*Extracted material*
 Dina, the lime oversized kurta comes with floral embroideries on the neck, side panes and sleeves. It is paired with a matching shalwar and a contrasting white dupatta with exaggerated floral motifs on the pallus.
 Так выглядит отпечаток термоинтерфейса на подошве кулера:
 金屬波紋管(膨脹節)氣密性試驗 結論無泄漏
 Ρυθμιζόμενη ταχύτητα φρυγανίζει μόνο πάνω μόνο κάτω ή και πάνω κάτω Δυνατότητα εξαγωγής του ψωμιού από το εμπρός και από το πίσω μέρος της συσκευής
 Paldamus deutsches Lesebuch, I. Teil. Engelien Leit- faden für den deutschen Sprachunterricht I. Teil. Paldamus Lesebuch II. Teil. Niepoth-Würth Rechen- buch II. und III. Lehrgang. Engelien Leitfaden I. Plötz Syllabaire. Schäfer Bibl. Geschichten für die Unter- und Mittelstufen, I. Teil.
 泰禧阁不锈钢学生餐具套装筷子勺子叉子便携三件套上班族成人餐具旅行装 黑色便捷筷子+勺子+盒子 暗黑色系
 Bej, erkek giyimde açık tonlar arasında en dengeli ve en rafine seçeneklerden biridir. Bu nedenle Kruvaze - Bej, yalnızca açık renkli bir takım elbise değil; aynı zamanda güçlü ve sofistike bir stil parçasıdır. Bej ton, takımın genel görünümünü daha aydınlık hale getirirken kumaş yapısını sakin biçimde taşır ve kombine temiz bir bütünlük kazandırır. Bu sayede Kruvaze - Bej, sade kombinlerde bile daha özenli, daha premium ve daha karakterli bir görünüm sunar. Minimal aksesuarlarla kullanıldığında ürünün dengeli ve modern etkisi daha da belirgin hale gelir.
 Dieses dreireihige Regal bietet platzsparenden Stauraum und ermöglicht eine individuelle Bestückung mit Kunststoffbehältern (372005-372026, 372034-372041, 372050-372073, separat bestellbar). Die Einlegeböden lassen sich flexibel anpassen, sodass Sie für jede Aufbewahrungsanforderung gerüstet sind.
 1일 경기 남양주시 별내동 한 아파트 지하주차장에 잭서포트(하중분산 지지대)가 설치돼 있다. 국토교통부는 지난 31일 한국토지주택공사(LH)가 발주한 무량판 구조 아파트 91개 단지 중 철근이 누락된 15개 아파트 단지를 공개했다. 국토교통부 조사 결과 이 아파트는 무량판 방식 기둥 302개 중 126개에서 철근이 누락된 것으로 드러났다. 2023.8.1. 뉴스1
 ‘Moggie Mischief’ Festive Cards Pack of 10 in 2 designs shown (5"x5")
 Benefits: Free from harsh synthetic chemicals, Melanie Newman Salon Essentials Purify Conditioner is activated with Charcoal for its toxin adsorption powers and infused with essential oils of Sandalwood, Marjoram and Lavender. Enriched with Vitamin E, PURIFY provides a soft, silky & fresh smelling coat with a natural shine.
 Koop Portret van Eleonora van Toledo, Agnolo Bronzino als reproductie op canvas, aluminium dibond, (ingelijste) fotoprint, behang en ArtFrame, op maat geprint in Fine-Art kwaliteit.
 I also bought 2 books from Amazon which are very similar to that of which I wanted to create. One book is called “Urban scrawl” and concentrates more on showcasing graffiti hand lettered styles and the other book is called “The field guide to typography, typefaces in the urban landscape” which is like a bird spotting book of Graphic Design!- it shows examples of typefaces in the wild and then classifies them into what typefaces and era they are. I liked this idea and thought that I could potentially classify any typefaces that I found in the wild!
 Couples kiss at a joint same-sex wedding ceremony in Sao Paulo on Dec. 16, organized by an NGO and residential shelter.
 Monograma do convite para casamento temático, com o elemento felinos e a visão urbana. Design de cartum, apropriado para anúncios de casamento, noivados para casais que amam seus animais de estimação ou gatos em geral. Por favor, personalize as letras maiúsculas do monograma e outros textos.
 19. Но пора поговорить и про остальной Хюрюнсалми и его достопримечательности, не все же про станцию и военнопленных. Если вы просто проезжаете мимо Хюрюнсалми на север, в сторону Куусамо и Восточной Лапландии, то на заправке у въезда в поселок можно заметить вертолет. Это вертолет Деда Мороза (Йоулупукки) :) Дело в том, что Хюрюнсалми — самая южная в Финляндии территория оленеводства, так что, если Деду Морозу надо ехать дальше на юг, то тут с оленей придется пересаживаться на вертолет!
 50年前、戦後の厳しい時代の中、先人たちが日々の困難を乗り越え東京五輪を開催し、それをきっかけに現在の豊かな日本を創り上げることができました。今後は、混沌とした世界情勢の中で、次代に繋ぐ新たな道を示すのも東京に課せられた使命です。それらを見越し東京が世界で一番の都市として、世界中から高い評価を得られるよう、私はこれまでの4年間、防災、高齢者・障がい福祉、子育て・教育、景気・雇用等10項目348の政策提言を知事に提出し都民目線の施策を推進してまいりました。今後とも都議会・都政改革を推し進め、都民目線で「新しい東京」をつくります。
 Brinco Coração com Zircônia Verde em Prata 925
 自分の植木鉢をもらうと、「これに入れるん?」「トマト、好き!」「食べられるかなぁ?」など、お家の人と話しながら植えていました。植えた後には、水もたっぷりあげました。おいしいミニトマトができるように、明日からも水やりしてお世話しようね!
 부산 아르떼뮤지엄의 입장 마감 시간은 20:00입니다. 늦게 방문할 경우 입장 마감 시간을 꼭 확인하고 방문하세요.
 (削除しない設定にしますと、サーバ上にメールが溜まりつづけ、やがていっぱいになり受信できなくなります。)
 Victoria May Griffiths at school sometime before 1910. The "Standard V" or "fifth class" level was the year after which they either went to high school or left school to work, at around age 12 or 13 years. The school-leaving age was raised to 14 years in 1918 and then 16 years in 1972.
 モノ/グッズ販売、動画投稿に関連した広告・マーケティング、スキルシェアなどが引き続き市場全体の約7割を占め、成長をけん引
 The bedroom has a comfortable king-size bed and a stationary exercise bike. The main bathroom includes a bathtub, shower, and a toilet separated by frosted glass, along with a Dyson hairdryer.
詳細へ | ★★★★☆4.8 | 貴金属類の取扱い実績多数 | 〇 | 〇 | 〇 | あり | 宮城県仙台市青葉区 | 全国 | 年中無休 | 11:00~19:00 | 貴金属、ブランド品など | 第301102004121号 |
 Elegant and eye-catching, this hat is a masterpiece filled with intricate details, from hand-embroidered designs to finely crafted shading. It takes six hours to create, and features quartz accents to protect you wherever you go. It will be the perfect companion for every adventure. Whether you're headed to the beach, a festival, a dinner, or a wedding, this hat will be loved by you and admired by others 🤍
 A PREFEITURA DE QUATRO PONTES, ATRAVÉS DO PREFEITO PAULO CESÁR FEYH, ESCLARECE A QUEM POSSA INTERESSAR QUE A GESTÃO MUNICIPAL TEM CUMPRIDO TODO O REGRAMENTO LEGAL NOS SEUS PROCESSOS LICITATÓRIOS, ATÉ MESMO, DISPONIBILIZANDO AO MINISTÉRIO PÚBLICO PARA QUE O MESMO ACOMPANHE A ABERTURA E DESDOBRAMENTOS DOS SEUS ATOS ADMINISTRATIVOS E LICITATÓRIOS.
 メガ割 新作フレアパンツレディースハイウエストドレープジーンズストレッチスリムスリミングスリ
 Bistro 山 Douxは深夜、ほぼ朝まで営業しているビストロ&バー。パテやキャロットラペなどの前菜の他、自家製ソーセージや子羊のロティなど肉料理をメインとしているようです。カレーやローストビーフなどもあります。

*Exercise*
Each record above needs to be transcribed word for word.

*Final answer*
 Dina, the lime oversized kurta comes with floral embroideries on the neck, side panes and sleeves. It is paired with a matching shalwar and a contrasting white dupatta with exaggerated floral motifs on the pallus.
 Так выглядит отпечаток термоинтерфейса на подошве кулера:
 金屬波紋管(膨脹節)氣密性試驗 結論無泄漏
 Ρυθμιζόμενη ταχύτητα φρυγανίζει μόνο πάνω μόνο κάτω ή και πάνω κάτω Δυνατότητα εξαγωγής του ψωμιού από το εμπρός και από το πίσω μέρος της συσκευής
 Paldamus deutsches Lesebuch, I. Teil. Engelien Leit- faden für den deutschen Sprachunterricht I. Teil. Paldamus Lesebuch II. Teil. Niepoth-Würth Rechen- buch II. und III. Lehrgang. Engelien Leitfaden I. Plötz Syllabaire. Schäfer Bibl. Geschichten für die Unter- und Mittelstufen, I. Teil.
 泰禧阁不锈钢学生餐具套装筷子勺子叉子便携三件套上班族成人餐具旅行装 黑色便捷筷子+勺子+盒子 暗黑色系
 Bej, erkek giyimde açık tonlar arasında en dengeli ve en rafine seçeneklerden biridir. Bu nedenle Kruvaze - Bej, yalnızca açık renkli bir takım elbise değil; aynı zamanda güçlü ve sofistike bir stil parçasıdır. Bej ton, takımın genel görünümünü daha aydınlık hale getirirken kumaş yapısını sakin biçimde taşır ve kombine temiz bir bütünlük kazandırır. Bu sayede Kruvaze - Bej, sade kombinlerde bile daha özenli, daha premium ve daha karakterli bir görünüm sunar. Minimal aksesuarlarla kullanıldığında ürünün dengeli ve modern etkisi daha da belirgin hale gelir.
 Dieses dreireihige Regal bietet platzsparenden Stauraum und ermöglicht eine individuelle Bestückung mit Kunststoffbehältern (372005-372026, 372034-372041, 372050-372073, separat bestellbar). Die Einlegeböden lassen sich flexibel anpassen, sodass Sie für jede Aufbewahrungsanforderung gerüstet sind.
 1일 경기 남양주시 별내동 한 아파트 지하주차장에 잭서포트(하중분산 지지대)가 설치돼 있다. 국토교통부는 지난 31일 한국토지주택공사(LH)가 발주한 무량판 구조 아파트 91개 단지 중 철근이 누락된 15개 아파트 단지를 공개했다. 국토교통부 조사 결과 이 아파트는 무량판 방식 기둥 302개 중 126개에서 철근이 누락된 것으로 드러났다. 2023.8.1. 뉴스1
 ‘Moggie Mischief’ Festive Cards Pack of 10 in 2 designs shown (5"x5")
 Benefits: Free from harsh synthetic chemicals, Melanie Newman Salon Essentials Purify Conditioner is activated with Charcoal for its toxin adsorption powers and infused with essential oils of Sandalwood, Marjoram and Lavender. Enriched with Vitamin E, PURIFY provides a soft, silky & fresh smelling coat with a natural shine.
 Koop Portret van Eleonora van Toledo, Agnolo Bronzino als reproductie op canvas, aluminium dibond, (ingelijste) fotoprint, behang en ArtFrame, op maat geprint in Fine-Art kwaliteit.
 I also bought 2 books from Amazon which are very similar to that of which I wanted to create. One book is called “Urban scrawl” and concentrates more on showcasing graffiti hand lettered styles and the other book is called “The field guide to typography, typefaces in the urban landscape” which is like a bird spotting book of Graphic Design!- it shows examples of typefaces in the wild and then classifies them into what typefaces and era they are. I liked this idea and thought that I could potentially classify any typefaces that I found in the wild!
 Couples kiss at a joint same-sex wedding ceremony in Sao Paulo on Dec. 16, organized by an NGO and residential shelter.
 Monograma do convite para casamento temático, com o elemento felinos e a visão urbana. Design de cartum, apropriado para anúncios de casamento, noivados para casais que amam seus animais de estimação ou gatos em geral. Por favor, personalize as letras maiúsculas do monograma e outros textos.
 19. Но пора поговорить и про остальной Хюрюнсалми и его достопримечательности, не все же про станцию и военнопленных. Если вы просто проезжаете мимо Хюрюнсалми на север, в сторону Куусамо и Восточной Лапландии, то на заправке у въезда в поселок можно заметить вертолет. Это вертолет Деда Мороза (Йоулупукки) :) Дело в том, что Хюрюнсалми — самая южная в Финляндии территория оленеводства, так что, если Деду Морозу надо ехать дальше на юг, то тут с оленей придется пересаживаться на вертолет!
 50年前、戦後の厳しい時代の中、先人たちが日々の困難を乗り越え東京五輪を開催し、それをきっかけに現在の豊かな日本を創り上げることができました。今後は、混沌とした世界情勢の中で、次代に繋ぐ新たな道を示すのも東京に課せられた使命です。それらを見越し東京が世界で一番の都市として、世界中から高い評価を得られるよう、私はこれまでの4年間、防災、高齢者・障がい福祉、子育て・教育、景気・雇用等10項目348の政策提言を知事に提出し都民目線の施策を推進してまいりました。今後とも都議会・都政改革を推し進め、都民目線で「新しい東京」をつくります。
 Brinco Coração com Zircônia Verde em Prata 925
 自分の植木鉢をもらうと、「これに入れるん?」「トマト、好き!」「食べられるかなぁ?」など、お家の人と話しながら植えていました。植えた後には、水もたっぷりあげました。おいしいミニトマトができるように、明日からも水やりしてお世話しようね!
 부산 아르떼뮤지엄의 입장 마감 시간은 20:00입니다. 늦게 방문할 경우 입장 마감 시간을 꼭 확인하고 방문하세요.
 (削除しない設定にしますと、サーバ上にメールが溜まりつづけ、やがていっぱいになり受信できなくなります。)
 Victoria May Griffiths at school sometime before 1910. The "Standard V" or "fifth class" level was the year after which they either went to high school or left school to work, at around age 12 or 13 years. The school-leaving age was raised to 14 years in 1918 and then 16 years in 1972.
 モノ/グッズ販売、動画投稿に関連した広告・マーケティング、スキルシェアなどが引き続き市場全体の約7割を占め、成長をけん引
 The bedroom has a comfortable king-size bed and a stationary exercise bike. The main bathroom includes a bathtub, shower, and a toilet separated by frosted glass, along with a Dyson hairdryer.
詳細へ | ★★★★☆4.8 | 貴金属類の取扱い実績多数 | 〇 | 〇 | 〇 | あり | 宮城県仙台市青葉区 | 全国 | 年中無休 | 11:00~19:00 | 貴金属、ブランド品など | 第301102004121号 |
 Elegant and eye-catching, this hat is a masterpiece filled with intricate details, from hand-embroidered designs to finely crafted shading. It takes six hours to create, and features quartz accents to protect you wherever you go. It will be the perfect companion for every adventure. Whether you're headed to the beach, a festival, a dinner, or a wedding, this hat will be loved by you and admired by others 🤍
 A PREFEITURA DE QUATRO PONTES, ATRAVÉS DO PREFEITO PAULO CESÁR FEYH, ESCLARECE A QUEM POSSA INTERESSAR QUE A GESTÃO MUNICIPAL TEM CUMPRIDO TODO O REGRAMENTO LEGAL NOS SEUS PROCESSOS LICITATÓRIOS, ATÉ MESMO, DISPONIBILIZANDO AO MINISTÉRIO PÚBLICO PARA QUE O MESMO ACOMPANHE A ABERTURA E DESDOBRAMENTOS DOS SEUS ATOS ADMINISTRATIVOS E LICITATÓRIOS.
 メガ割 新作フレアパンツレディースハイウエストドレープジーンズストレッチスリムスリミングスリ
 Bistro 山 Douxは深夜、ほぼ朝まで営業しているビストロ&バー。パテやキャロットラペなどの前菜の他、自家製ソーセージや子羊のロティなど肉料理をメインとしているようです。カレーやローストビーフなどもあります。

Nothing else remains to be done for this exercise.